America’s infrastructure gets a grade of “D” from the American Society of Civil Engineers, which recommends that we spend $2.2 trillion on repairs and maintenance.
A troubling event in the July heat foreshadowed what we can expect from continued malign neglect. The electric grid serving more than half of India abruptly failed—twice. Pumps that supply New Delhi with drinking water shut down. Some 300 trains stopped, stranding thousands of passengers. People in elevators found themselves in pitch-black windowless cages with steadily rising temperatures, while 200 miners were trapped underground. Those rich enough to afford air conditioning steamed at the loss of the defining technology of modern life.

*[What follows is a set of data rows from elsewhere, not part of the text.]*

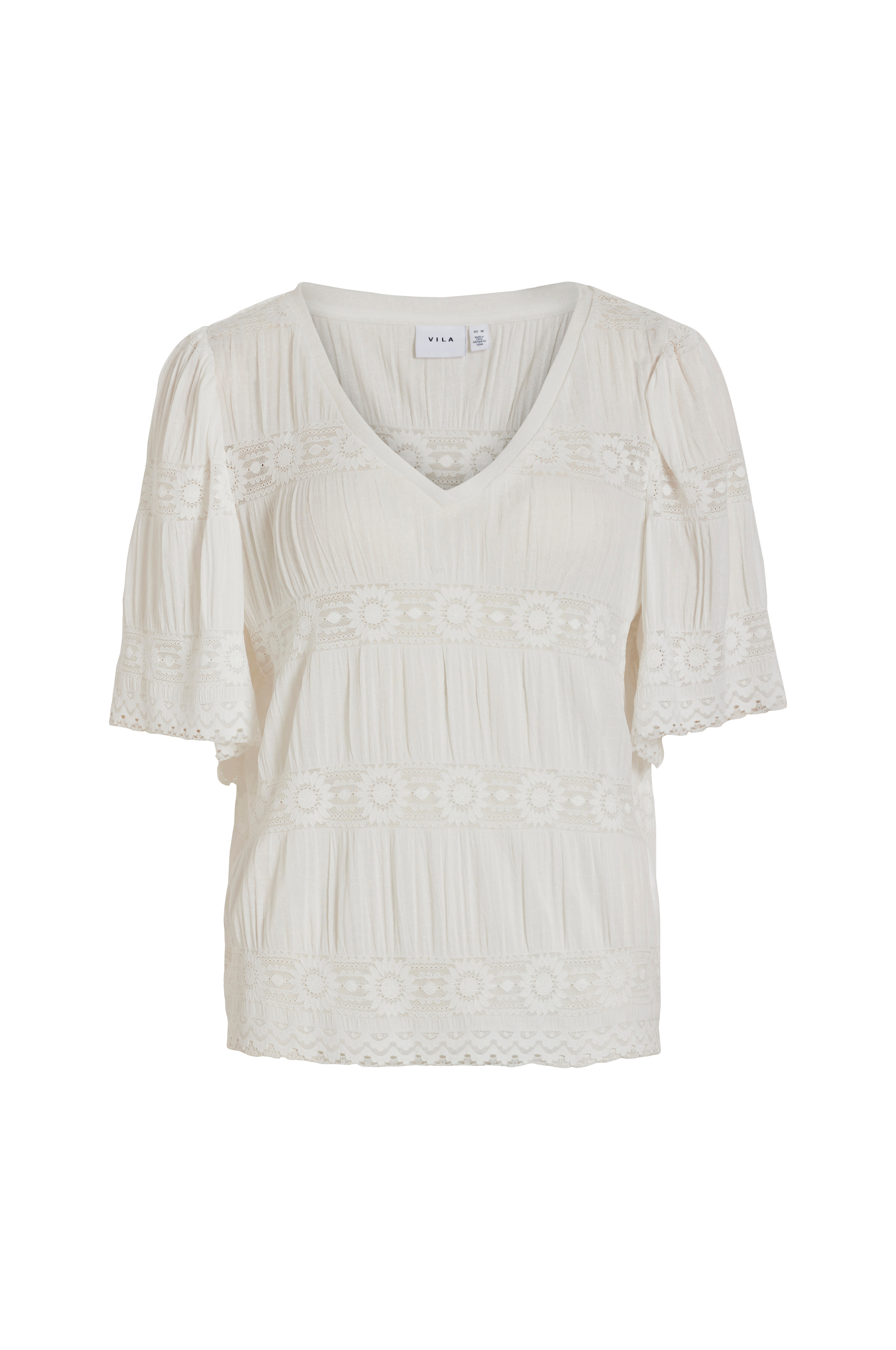 • Top med blondedetaljer• V-udskæring• Halvlange ballonærmer
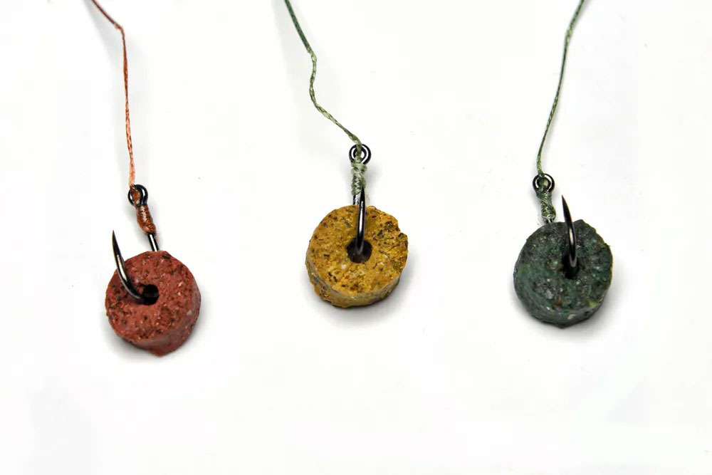 Колечки пылящие - эта рыболовная насадка на крючок, выполненная в виде прессованного кольца из мелко фракционной прикормочной смеси. В некотором роде данные колечки схожи с такой популярной рыболовной насадкой, как звездочки из теста. Колечки удобны и универсальны, подходят для ловли мирной рыбы различными способами. Самый простой и быстрый способ ловли с помощью поплавочной удочки, для этого достаточно продеть в отверстие колечка жало крючка и расположить его на поддеве, после чего совершить заброс оснастки. При дальних и силовых забросах оснастки, колечки нужно чем-либо зафиксировать, например маленьким шариком пенопласта, силиконовым опарышем, небольшим кусочком теста или частью натуральной насадки.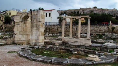 En lo que se conoce como el Ágora romana de Atenas, se pueden observar hoy las columnas de lo que fue en su momento la majestuosa biblioteca construida por el emperador Adriano para guardar los documentos, en los rollos de papiro usados en esa época.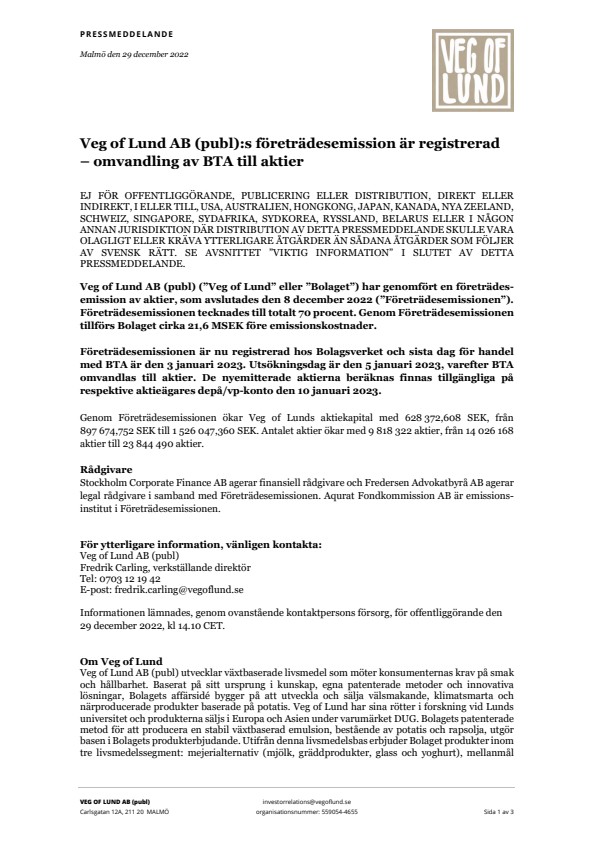 Detta pressmeddelande utgör inte ett erbjudande att förvärva, teckna eller på annat sätt handla med aktier, teckningsoptioner, teckningsrätter, BTA eller andra värdepapper i Veg of Lund AB (publ) och investerare ska inte teckna eller förvärva några värdepapper annat än på grundval av informationen i det EU-tillväxtprospekt som har offentliggjorts före inledningen av teckningsperioden i Företrädesemissionen omkring den 23 november 2022. Ingen åtgärd har vidtagits och åtgärder kommer inte att vidtas för att tillåta ett erbjudande till allmänheten i några andra jurisdiktioner än Sverige.

The electric power outages affected 670 million Indians—every 10th person on the planet—but the event was treated in the news as a passing curiosity.
Yet what happened in India can, and will, strike America, because our utilities are in dangerous disrepair.
Who can forget the massive outage that nine years ago knocked out the entire Northeast and parts of Canada. With the events of 9/11 still fresh in their minds, Manhattanites stranded in darkened skyscrapers wondered if terrorists had struck again. But this disaster, which caused $6 billion in damage and resulted in the deaths of six people, was homegrown.
More mega-blackouts are likely because hundreds of discrete local electric systems are being connected into three major electric grids—East, West, and Texas—that are more vulnerable to the massive shutdowns we saw in 2003.
Compounding this, the corporate monopolies that supply two thirds of America’s electricity have fired tens of thousands of linemen and other workers whose jobs were to maintain the grid.
Under the banner of deregulation, the monopolies that supply electricity, water, gasoline, natural gas, and Internet access have been hollowing out the privately owned infrastructure on which modern life and economic activity depend. Instead of putting more into maintenance, they have slashed budgets. At the same time, they earn phenomenal profits: up to 55 percent on their assets, eight times the average for all corporations.
Corporate monopolies that own railroad bridges, hydroelectric dams, and high-pressure pipelines have skimped on taking care of this infrastructure, putting lives and property across America at unnecessary risk from blackouts, collisions, and explosions, even the threat of entire towns being washed away by bursting dams.
High among the risks are pipelines laid as long ago as Harry Truman’s presidency. Many of these high-pressure pipelines are 30 inches or more in diameter. A number have been granted safety-inspection waivers by the Department of Transportation, which lets some pipelines operate even when almost 70 percent of the pipe wall has corroded. The National Academy of Engineering warned about these dangers in a 2004 report.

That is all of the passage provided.